Of course, the most pertinent question is whether we can deduce that
individual 1 has these inferred molecular haplotypes without computing the full
probability distribution since spending 204 days to reduce a 44 hour computation
to 25 seconds has no value. We now work backwards and start with the amount of
information in the single-locus distributions, which ignores intermarker
correlation. The PROFILER probability distribution of the ordered genotypes for
each of the 7 loci, M1 through M7, for individual 1 using the marker as both the
window and the slice is here. Notice that the best unordered genotype at 5 of
the 7 loci has probability greater than 0.9 and the smallest probability is 0.75
at marker M5. Thus, even omitting the information from flanking loci these
distributions are concentrated on the same single unordered genotypes that
comprise the two 7-locus haplotypes. Table 1 represents the results of
increasing the window size from 1 to 6 with regard to computational time and the
smallest of the best unordered n-locus genotype probabilities from
each sliding window. The most likely haplotypes from different windows agreed on
their overlap with the results from the full distribution. In fact, we can
extract even more information by considering individual 1 and his brother
individual 25 jointly to discover that they actually share (to 0.9998
probability) the same two haplotypes identical by descent.
Exercises
Run PROFILER using the data file datain.txt and pedigree file pedin.txt from the above example. The pedigree file has a -1 in the proband column for individual 1.

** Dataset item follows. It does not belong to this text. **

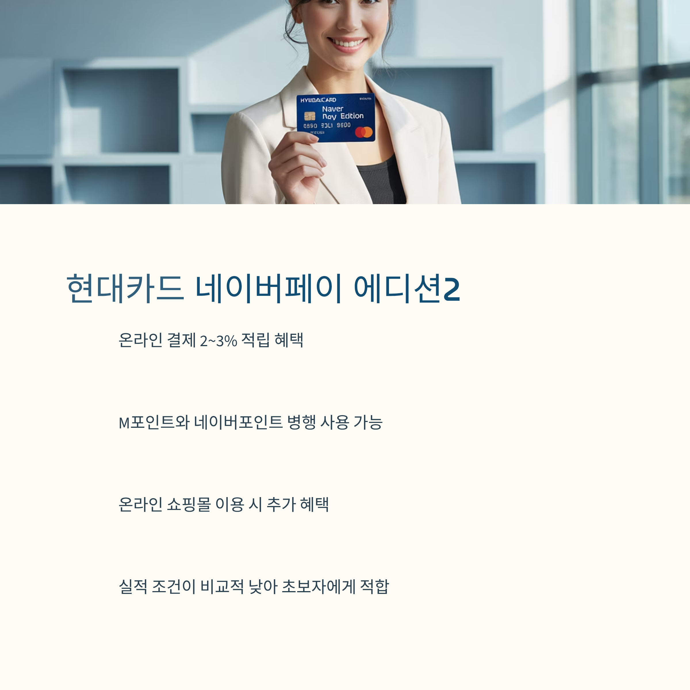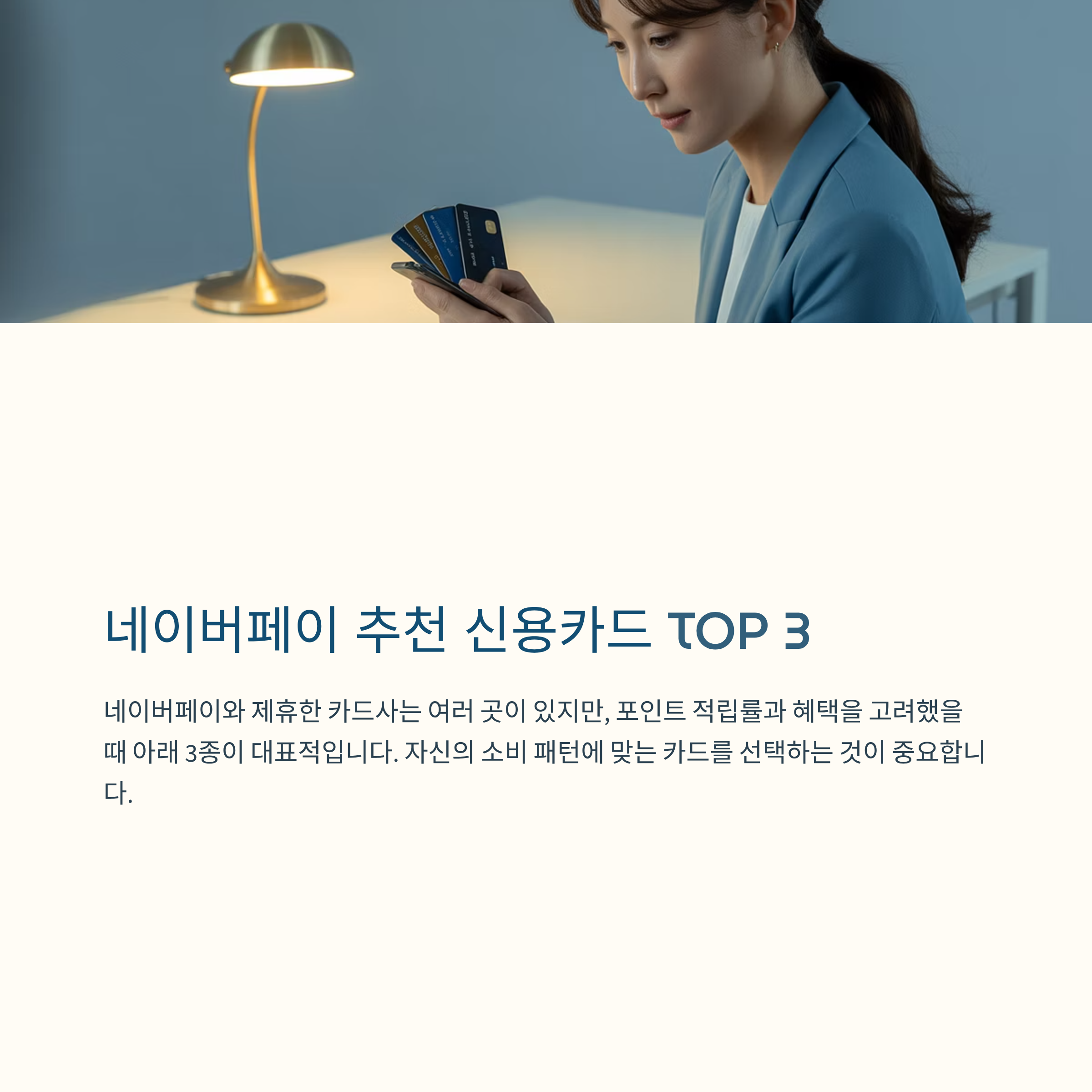 네이버페이와 제휴한 카드사는 여러 곳이 있지만, 포인트 적립률과 혜택을 고려했을 때 아래 3종이 대표적입니다.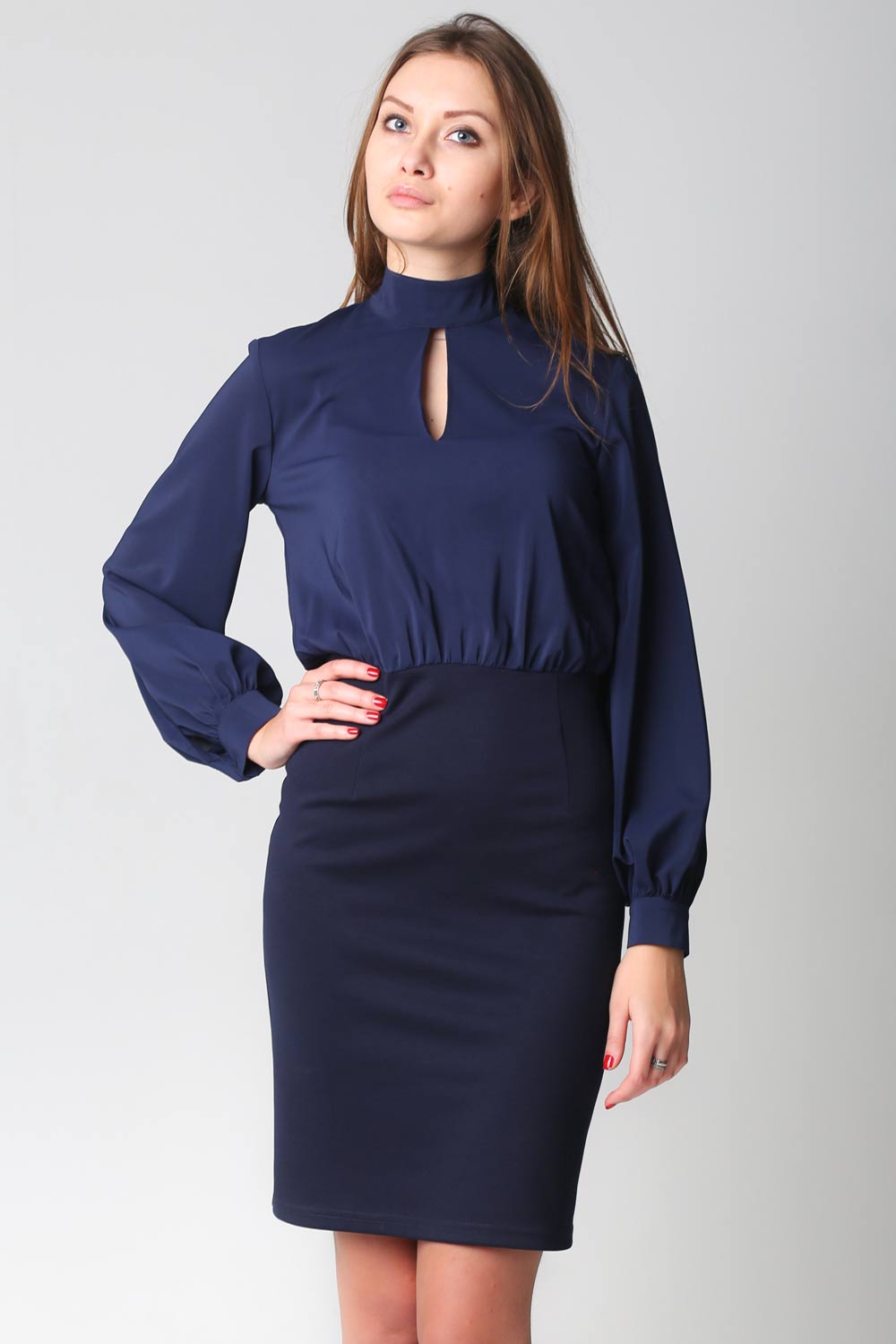 Очень элегантное платье из трикотажа в виде юбки футляр и женственного верха из струящегося шифона свободного покроя.

profiler -1 f -d datain.txt -p pedin.txt-w 1 -s 1 -D i Generates the probability profile for each individual in the pedigree. Increase the slice and window sizes and examine how the output changes. Add the option -J H to view the output in haplotype form.
Edit the pedigree file and add a -1 only in the proband column of individual 5 who has no offspring, but a genotyped father and four genotyped siblings; the pedigree file is pedin5.txt. Now run profiler -1 f -d datain.txt -p pedin5.txt -w 4 -s 4 -D U -J H. What can you conclude from the probability distribution? What inference would you make about the 7-point results. If you have a fast machine try increasing the slice and window one marker at a time. 5 markers takes about 15 minutes.
Additional Exercises
1. Does individual 4, the spouse of individual 1, also have a probabilistically inferred molecular haplotype? Try window and slice sizes of 3.
2. Generate the joint probability distribution for individuals 1 and 25 by setting their proband values to -1 as mentioned above.
Executables
Currently only executables for Solaris and Linux are available. These executables are compressed.
Further Analysis
This pedigree will also be used as an example in our computational repository to compare the performance of current likelihood algorithms.